■ WORK ITEM
Copy out nothing but the lines from the one holding "一人独坐山巅,手持微光,凝视" through the end of the entries below, exactly as written and without the pictures.

■ PROVIDED DATA
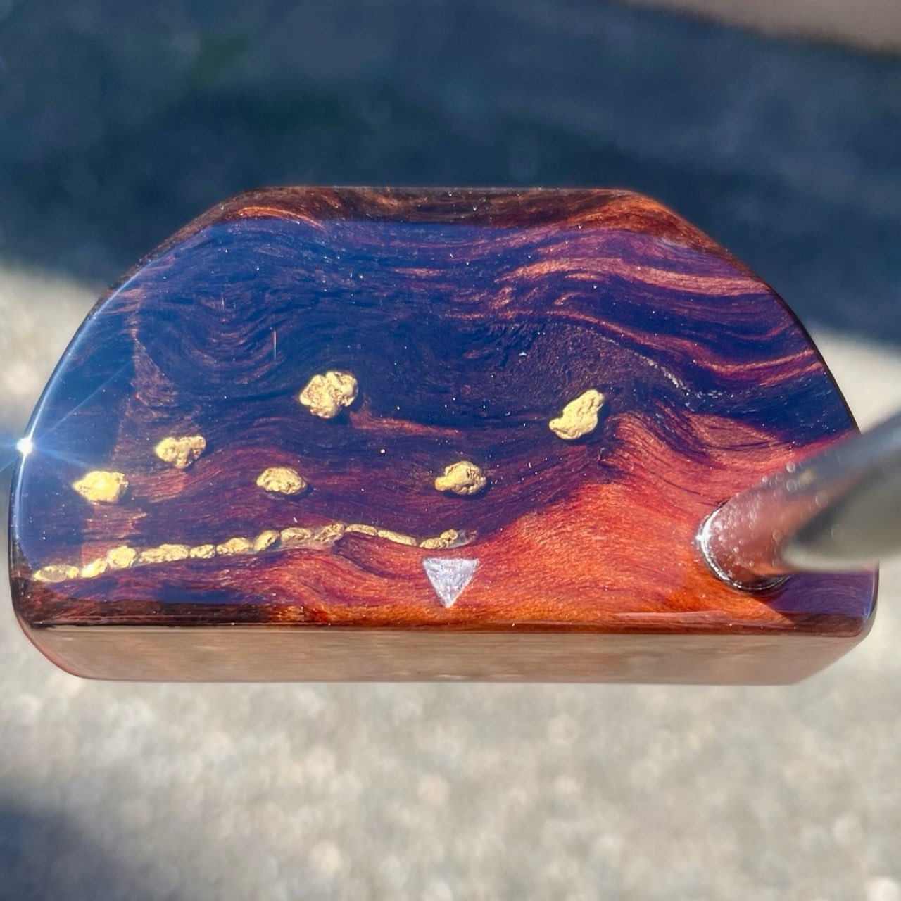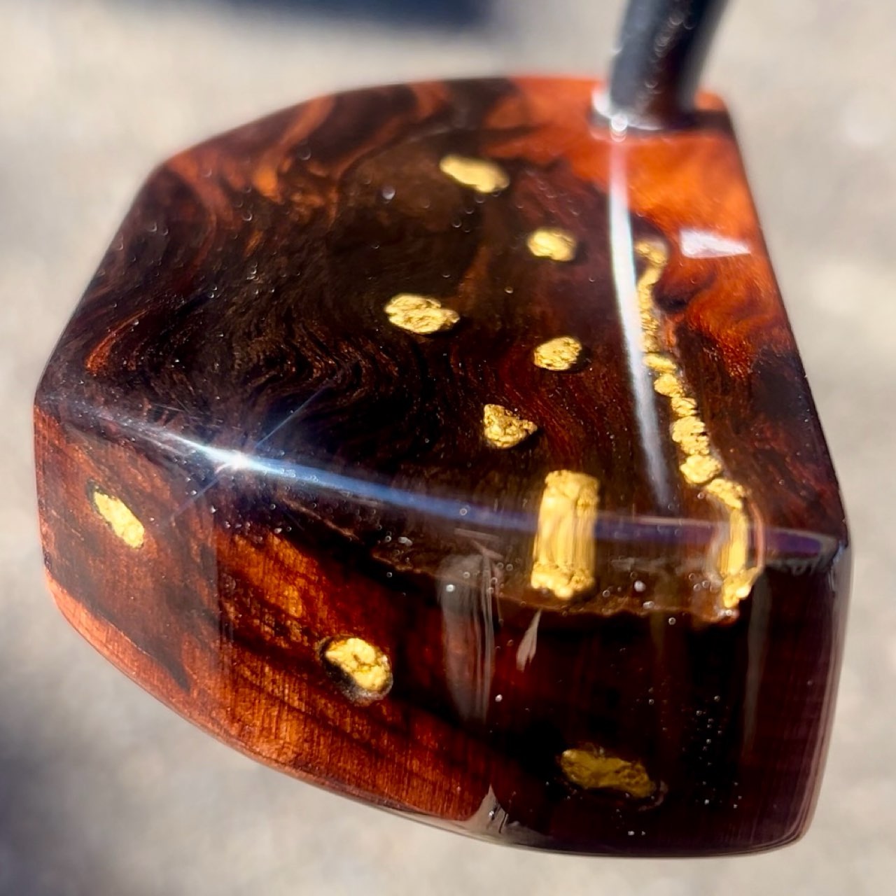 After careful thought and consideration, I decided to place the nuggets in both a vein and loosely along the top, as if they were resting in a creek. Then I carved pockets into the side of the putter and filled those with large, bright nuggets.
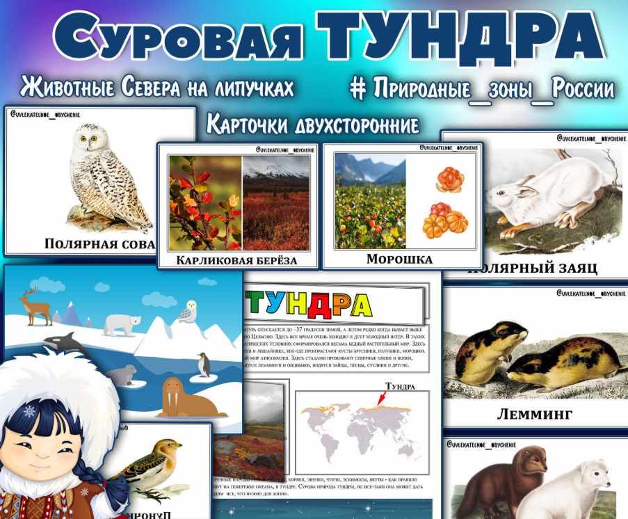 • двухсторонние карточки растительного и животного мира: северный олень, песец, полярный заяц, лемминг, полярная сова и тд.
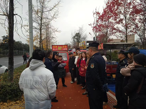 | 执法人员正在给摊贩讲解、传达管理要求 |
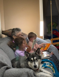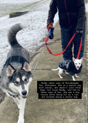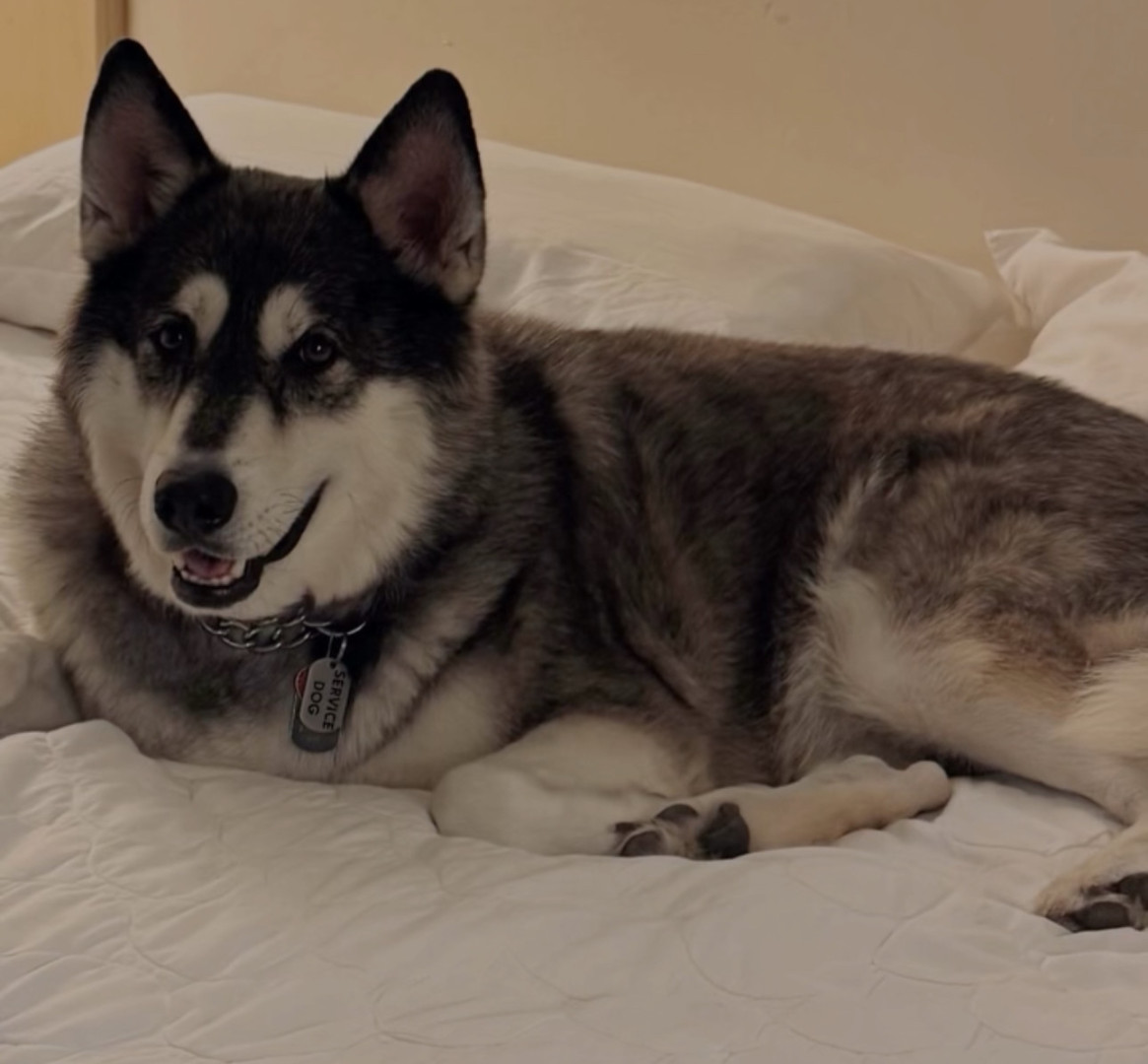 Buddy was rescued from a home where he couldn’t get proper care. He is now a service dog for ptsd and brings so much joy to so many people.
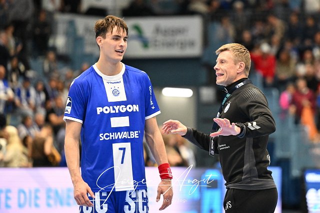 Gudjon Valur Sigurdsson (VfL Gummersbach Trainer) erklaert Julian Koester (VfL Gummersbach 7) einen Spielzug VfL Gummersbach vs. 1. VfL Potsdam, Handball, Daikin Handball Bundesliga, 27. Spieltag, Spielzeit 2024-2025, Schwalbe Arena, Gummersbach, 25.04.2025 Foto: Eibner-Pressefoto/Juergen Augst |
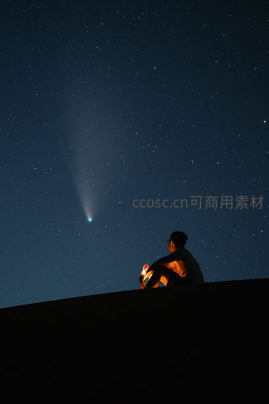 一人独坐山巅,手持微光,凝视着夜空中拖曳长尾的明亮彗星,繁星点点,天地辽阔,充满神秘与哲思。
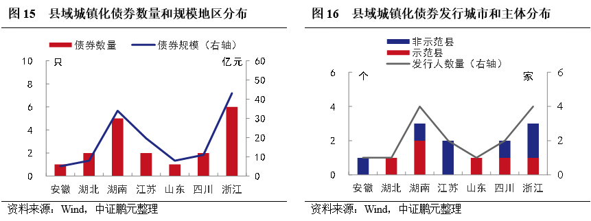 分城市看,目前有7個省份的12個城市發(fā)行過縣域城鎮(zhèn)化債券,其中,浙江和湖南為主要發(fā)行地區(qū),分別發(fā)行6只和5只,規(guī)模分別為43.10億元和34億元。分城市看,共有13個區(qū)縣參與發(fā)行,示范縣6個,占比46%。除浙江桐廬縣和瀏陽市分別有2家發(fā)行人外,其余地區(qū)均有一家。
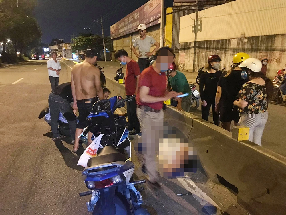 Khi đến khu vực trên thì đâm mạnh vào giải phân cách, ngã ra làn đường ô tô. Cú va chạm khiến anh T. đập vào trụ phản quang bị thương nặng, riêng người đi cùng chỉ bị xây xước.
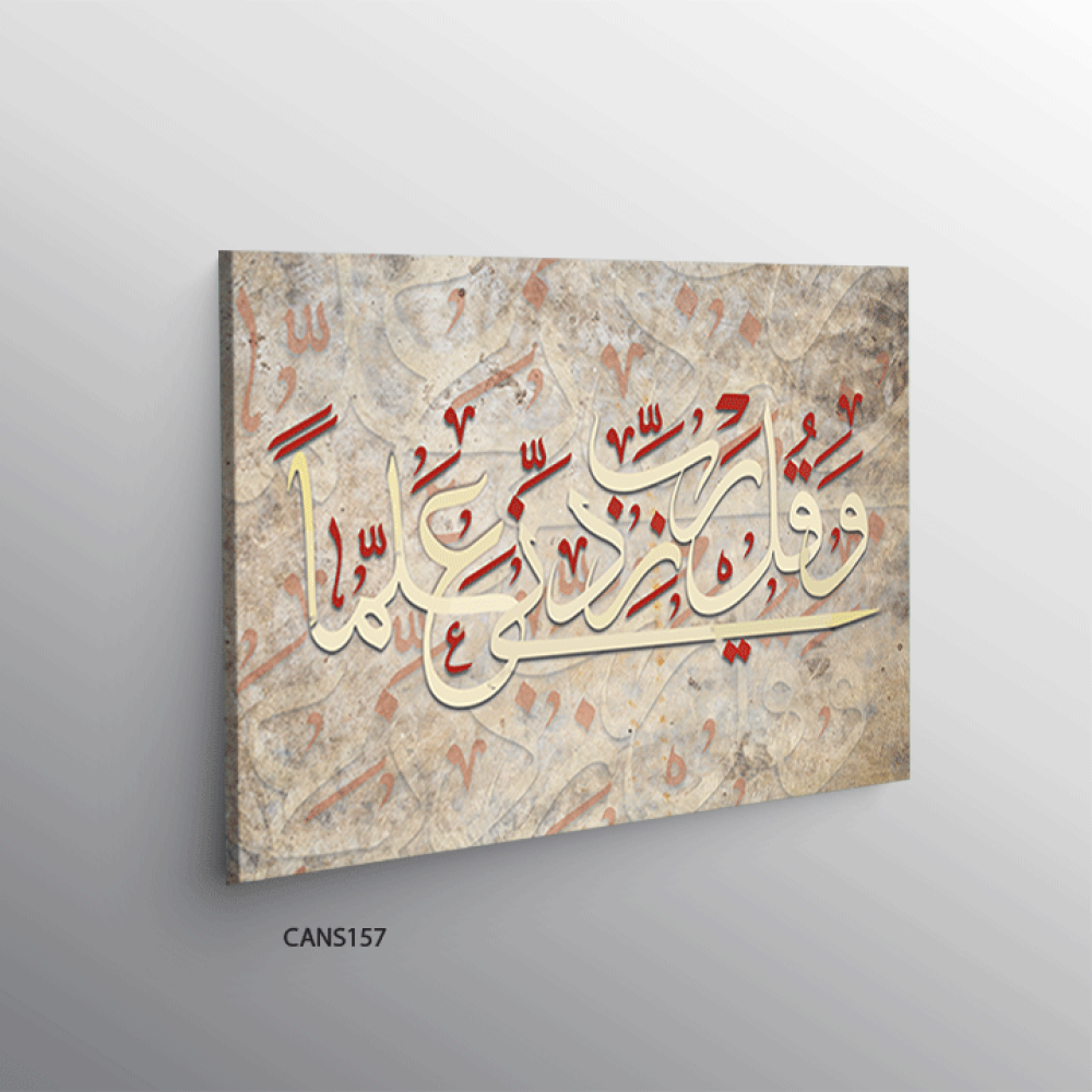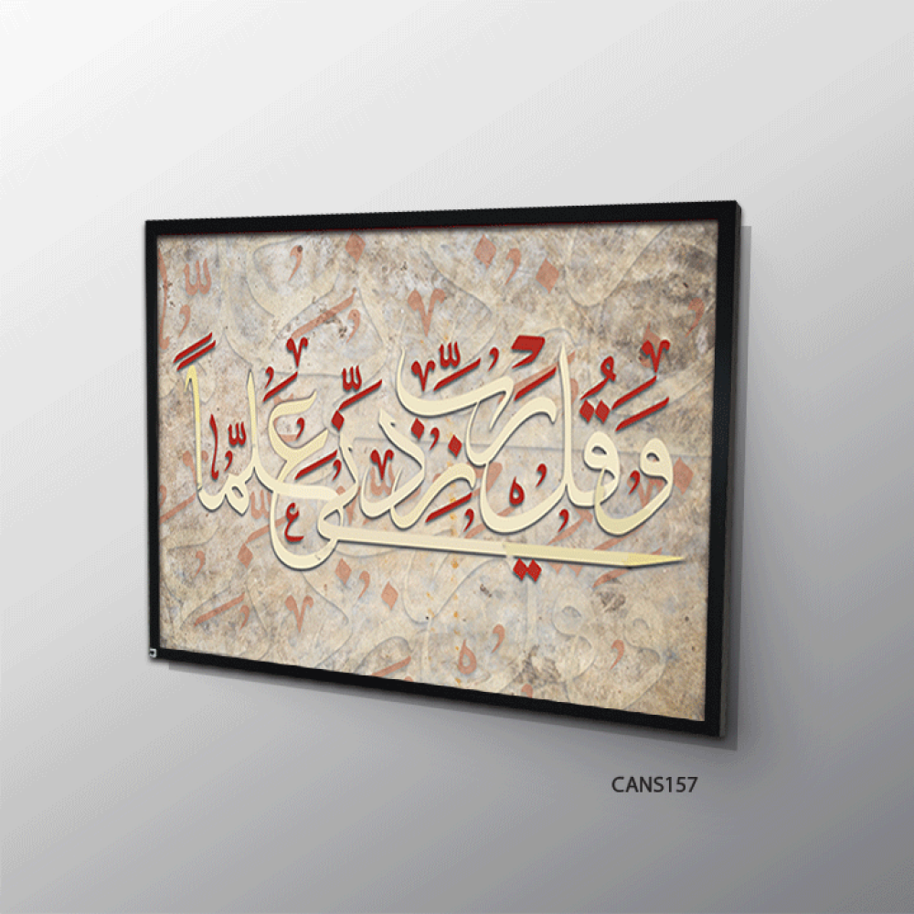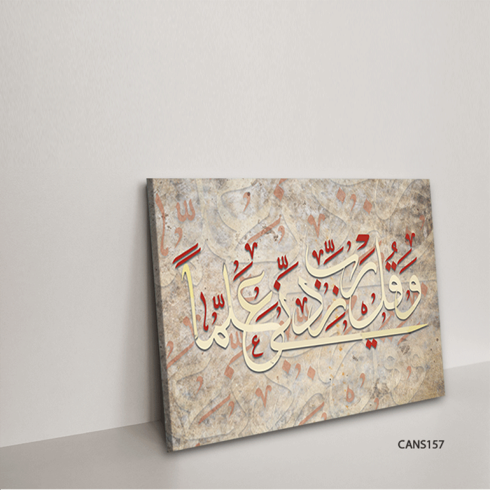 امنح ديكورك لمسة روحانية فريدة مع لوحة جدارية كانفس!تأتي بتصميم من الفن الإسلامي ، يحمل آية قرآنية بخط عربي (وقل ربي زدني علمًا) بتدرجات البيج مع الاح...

■ SOLVED EXERCISE
 一人独坐山巅,手持微光,凝视着夜空中拖曳长尾的明亮彗星,繁星点点,天地辽阔,充满神秘与哲思。
 分城市看,目前有7個省份的12個城市發(fā)行過縣域城鎮(zhèn)化債券,其中,浙江和湖南為主要發(fā)行地區(qū),分別發(fā)行6只和5只,規(guī)模分別為43.10億元和34億元。分城市看,共有13個區(qū)縣參與發(fā)行,示范縣6個,占比46%。除浙江桐廬縣和瀏陽市分別有2家發(fā)行人外,其余地區(qū)均有一家。
 Khi đến khu vực trên thì đâm mạnh vào giải phân cách, ngã ra làn đường ô tô. Cú va chạm khiến anh T. đập vào trụ phản quang bị thương nặng, riêng người đi cùng chỉ bị xây xước.
 امنح ديكورك لمسة روحانية فريدة مع لوحة جدارية كانفس!تأتي بتصميم من الفن الإسلامي ، يحمل آية قرآنية بخط عربي (وقل ربي زدني علمًا) بتدرجات البيج مع الاح...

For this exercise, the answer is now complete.